Le 11 mai, le ministre des Transports, Jean Ernest Masséna Ngalle Bibehe, a décidé de suspendre l’agence pour une durée d’un mois renouvelable, au motif de « manquements graves à la réglementation en vigueur ». L’affaire a aussitôt pris un tournant politique. La société civile et une bonne partie de l’opposition ont rapidement dénoncé les faiblesses de l’État dans la gestion du transport.
« Ce sont ceux qui détournent massivement l’argent destiné à construire ou à rénover les routes qu’il faudrait traquer », dénonce Aboubakary Siddiki, président du Mouvement patriotique du salut camerounais (MPSC) et originaire du nord du pays. Même son de cloche chez Maurice Kamto, président du Mouvement pour la renaissance du Cameroun (MRC), qui estime que le gouvernement se défausse ainsi sur les conducteurs et les agences de voyage. « L’état de nos routes est l’un des principaux facteurs explicatifs de ces nombreux accidents », rassure-t-il.
Le Nord crie à l’injustice
« Les torts sont partagés », estime quant à lui Martin Zouzoua, acteur de la société civile. Lui déplore des routes truffées de nids-de-poule, où les panneaux de signalisation sont inexistants, et où certains péages clandestins et « contrôles radars mafieux » ont été installés, tandis que les autorités brillent par leur absence. Et questionne : « Où vont les fonds d’entretien du réseau routier [issus de l’argent collecté par l’État aux péages légaux] et à quoi servent ils puisque les routes sont dans un état sinistre ? » « On met en moyenne 8 à 9 heures pour aller de Ngaoundéré à Garoua, soit une vitesse de 35 km à l’heure », déplore encore l’activiste.

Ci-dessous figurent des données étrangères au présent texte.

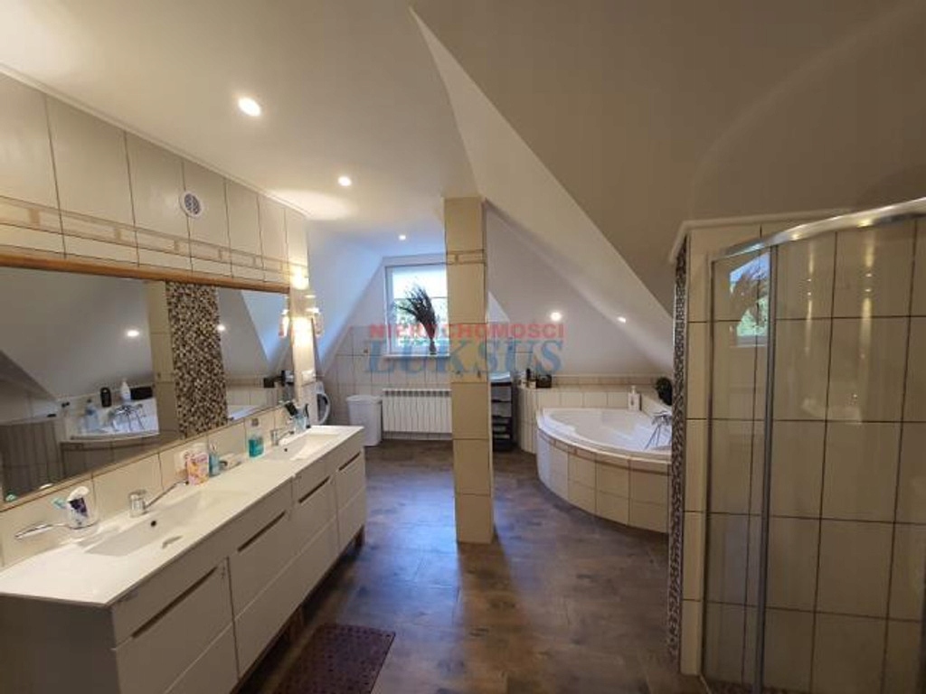 Do sprzedaży ładna zagospodarowana działka gruntu o powierzchni 1800m2 zabudowana domem jednorodzinnym o pow. ok. 260m2. przy ruchliwej drodze. Parter - salom - 35,25m2. Podłoga z jasnego dębu, deska barlinecka pływająca. Nowy kominek, z rozprowadzeniem ciepła do niektórych pomieszczeń domu. Na ścianie 65" TV Philips Ambilight. JADALNIA - 13,85m2 - podłoga jak w salonie. 5 okien w tym jedno pojedyncze balkonowe, można nim wyjść na mały tarasik lib zejść po schodkach do ogrodu. KUCHNIA - 16,35m2 wyposażona w zupełnie nowe meble (folia), nowa czarna zmywarka, zlewozmywak z konglomeratu, czarny kran, czarny pochłaniacz. Podłoga i ściany GRES. HALL -13,65m2, szafa trzysegmentowa, o powierzchni ok. 3m2. POKÓJ GOŚCINNY - 15m2. Podłoga to pływająca deska barlinecka, ciemny dąb, wymaga renowacji. ŁAZIENKA - 6,3m2 wyposażona w podwójną kabinę prysznicową, meble łazienkowe, pralkę. Terracota i glazura w kolorze latte. KABINA WC - 1,7m2 MAŁY PRZEDPOKÓJ - 4,8m2. POMIESZCZENIE GOSPODARCZE Z KOTŁOWNIĄ - 3,9m2, wyposażone w piec firmy VIESSMANN, VITOPEND 100 oraz 2 regały do przechowywania. WIATROŁAP -3,5m2 wykończony imitacja kamienia. Szafka na buty, skrzynki z bezpiecznikami. SCHODY - dębowe, 17 stopni, szerokość 120cm. PIĘTRO Na całym piętrze podłoga sosnowa na legarach, cyklinowana we wrześniu 2021. HALL REKREACYJNY - 23,65m2, wyposażony w zestaw mebli z IKEA. Kanapa i 2 szezlongi pozwalają na wygodne oglądanie nowości w TV. Pomieszczenie to ma 2 ściany, reszta to przestrzeń otwarta z dostępem do niewielkiego 3,5m2 tarasu z widokiem na ogród. NAJMNIEJSZA SYPIALNIA - 18,62m2, 2 okna w tym 1 balkonowe prowadzące na 14m2 taras. DRUGA SYPIALNIA - 21,4m2 - również 2 okna, 1 balkonowe z wyjściem na taras. GARDEROBA - ogólna powierzchnia 13m2, wyposażona w szafę ścienną, jednak nadal może służyć jako sypialnia. Szerokość między szafą a ścianą to 2m a długość pokoju ponad 4m. NAJWIĘKSZA SYPIALNIA - 26,2m2, wyposażona w 2 okna, w tym jedno dachowe. KABINA WC - 1,2m2. POKÓJ KĄPIELOWY -19,4m2, wyposażony w kabinę prysznicową z deszczownicą, wannę, zestaw mebli z dwoma umywalkami, bidet oraz trzeci już sedes. Pralka o ładowności 8kg. SIŁOWNIA - 28,8m2. Profesjonalna bieżnia, ławeczka do ćwiczeń, atlas, 2 okna dachowe, klimatyzator. Wejście na strych składanymi i chowanymi w suficie schodami. Na strychu automatyczne oświetlenie, włączające się w czasie otwierania schodów. Na tyłach domu znajduje się 36metrowy taras. 2 GARAŻE. Pierwszy o powierzchni 17,25m2 i drugi 29,55m2. W garażach czujki od instalacji alarmowej.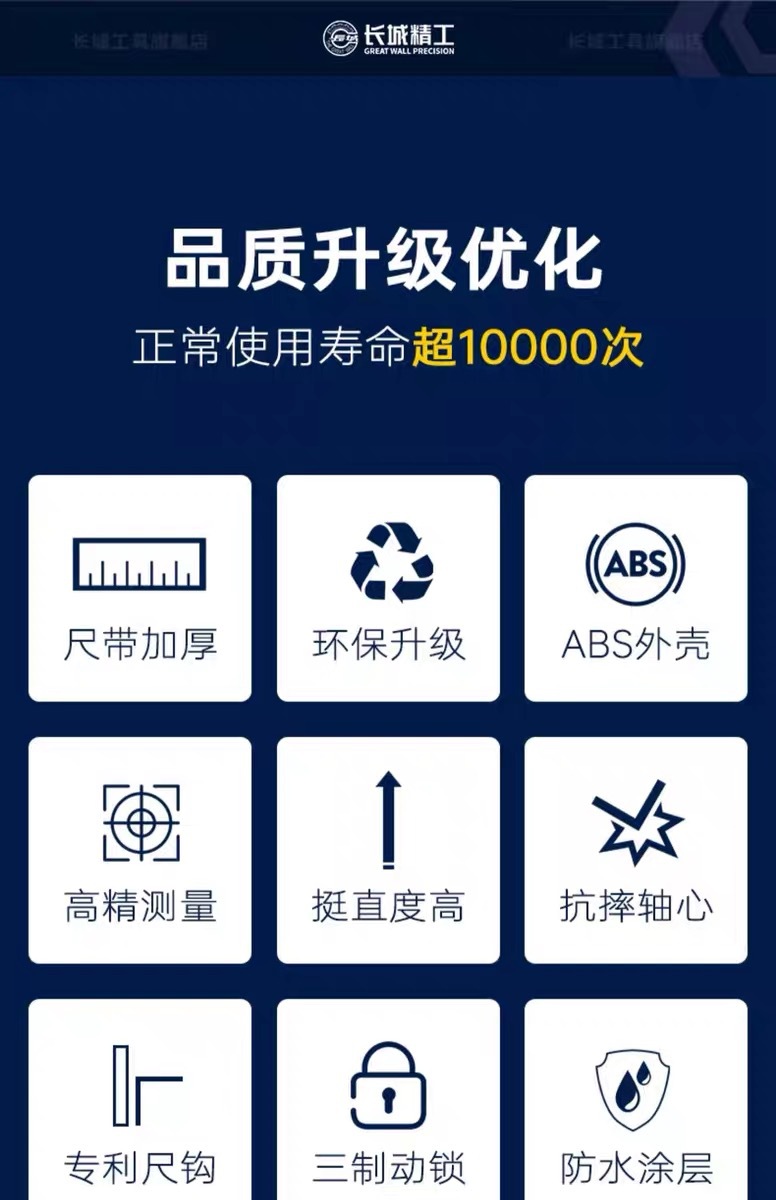 長城精工巻尺5メートル高さ精度2メートル3メートル7.5メートル10メートル厚さ耐磨耗巻尺鋼巻尺卸売り

Les transporteurs sont-ils les boucs émissaires d’un État qui refuse d’investir ? Guibaï Gatama, responsable de la plateforme « 10 millions de Nordistes », s’est lui aussi élevé contre la suspension de Touristique Express, dénonçant l’absence d’alternative pour assurer la fiabilité du transport dans l’axe Nord Sud. « Le vide pourrait être comblé par des transporteurs occasionnels qui, sans expérience de nos routes peu praticables, pourraient causer encore plus de torts aux voyageurs », s’inquiète il. A-t-il été écouté ? Le 15 mai, le ministre des Transports a levé la suspension de la compagnie.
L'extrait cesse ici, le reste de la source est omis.